Noting that “the trial court correctly expressed concern that the prosecutor’s inappropriate questions and remarks were an appeal to ethnic or racial bias,” the Court faulted the lower court for failing to sua sponte cure the violation when defense counsel failed to act. “It is incumbent on the trial courts to protect a defendant’s right to a fair trial, even when defense counsel failed to object to conduct that is flagrantly or apparently intentionally appealing to racial or ethnic bias,” the Court instructed.

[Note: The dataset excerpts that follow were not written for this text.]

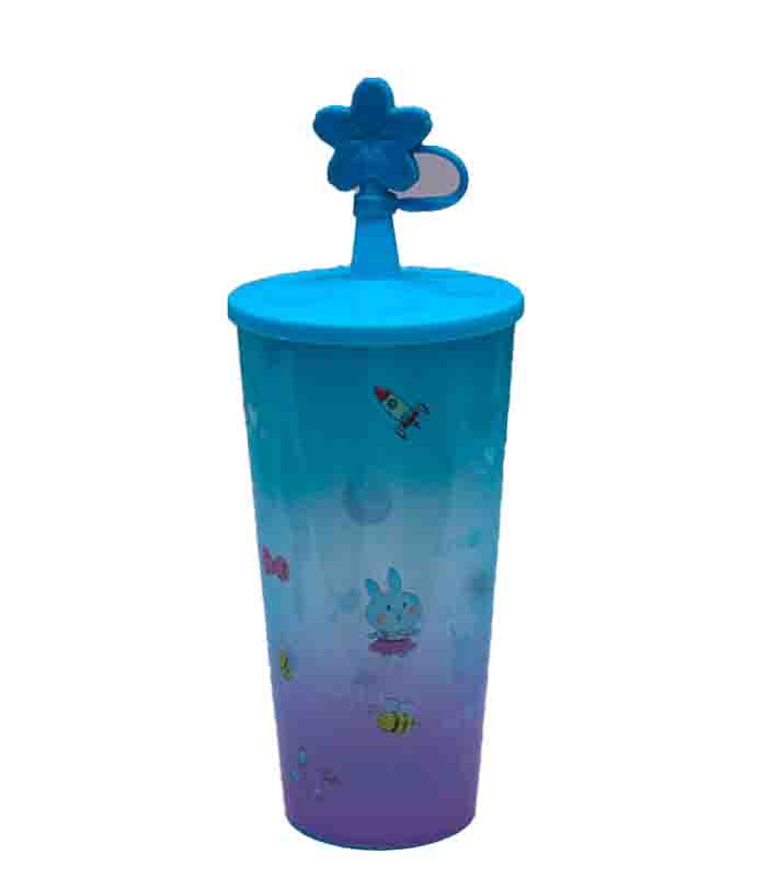 Make every sip magical with the Blue and Purple Space Cup with Bunny-Star Topper. This BPA-free straw cup features a charming celestial design and secure lid perfect for kids? daily drinks.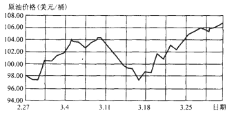 (3)根据材料二图示,分析3月11日至3月25日国际原油价格走势变化及原因。(4分)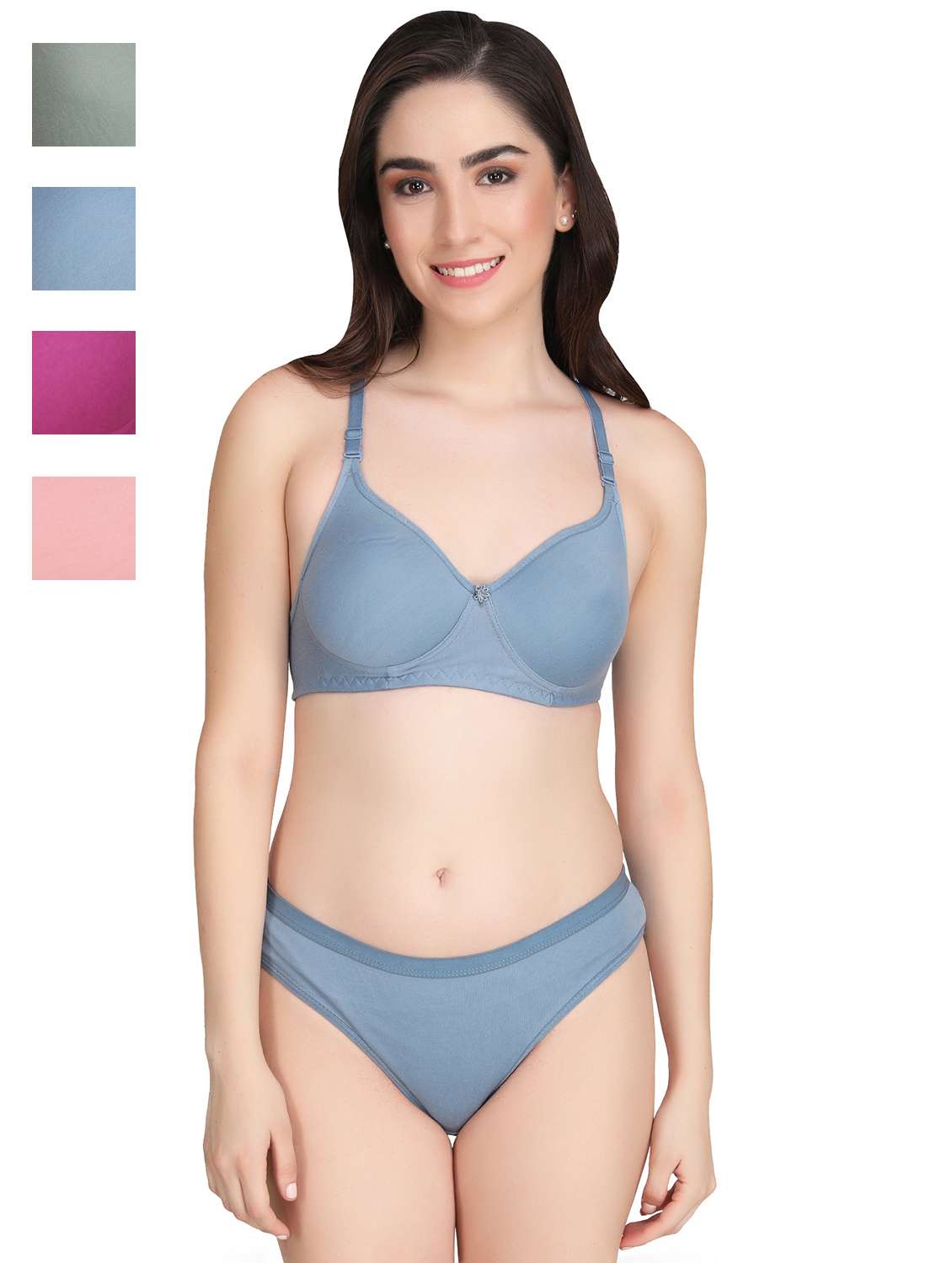 Liigne Women Everyday Padded Bra Panty Set (Pack Of 4) - This Lingerie Set Made of Pure Cotton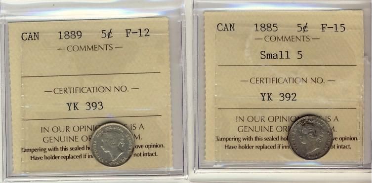 1885 F15 & 1889 F12 5¢. Lot of 2 ICCS graded coins.

“This case had nothing to do with borders or border security. Any mention of border security, immigration, undocumented immigrants, and drug smuggling was wholly irrelevant,” the Court declared. “The apparent purpose of the remarks was to highlight the defendant’s perceived ethnicity and invoke stereotypes that Latinxs are ‘criminally’ and ‘wrongly’ in the country, are involved in criminal activities such as drug smuggling, and pose a threat to the safety of ‘Americans,’” according to the Court. 

The Court noted that it had previously announced a burden-shifting rule and embraced the harmless error standard for race-based prosecutorial misconduct claims in Monday. “When a defendant shows that the prosecutors committed race-based misconduct, the burden shifts to the State to prove the misconduct was harmless beyond a reasonable doubt,” the Monday Court instructed.

But as evidenced by the prosecutor’s behavior in the present case as well as the Court of Appeals affirming Zamora’s convictions, the Court determined that “Monday’s past effort to address race-based prosecutorial misconduct by applying a harmless error standard has proved insufficient to deter such conduct.”

Thus, the Court announced that it is replacing the harmless-error standard set forth in Monday and adopting the “tested and proven rule of automatic reversal,” as follows: “when a prosecutor flagrantly or apparently intentionally appeals to a juror’s potential racial or ethnic prejudice, bias, or stereotypes, the resulting prejudice is incurable and requires reversal. This conclusion is consistent with our constitutional principles and reasoning discussed in Monday.”

Applying the newly announced standard to the present case, the Court held that the “prosecutor … committed race-based misconduct during voir dire, and the resulting prejudice to the defendant is incurable and required reversal.”

Accordingly, the Court reversed the Court of Appeals and vacated Zamora’s convictions. See: State v. Zamora, 512 P.3d 512 (Wash. 2022).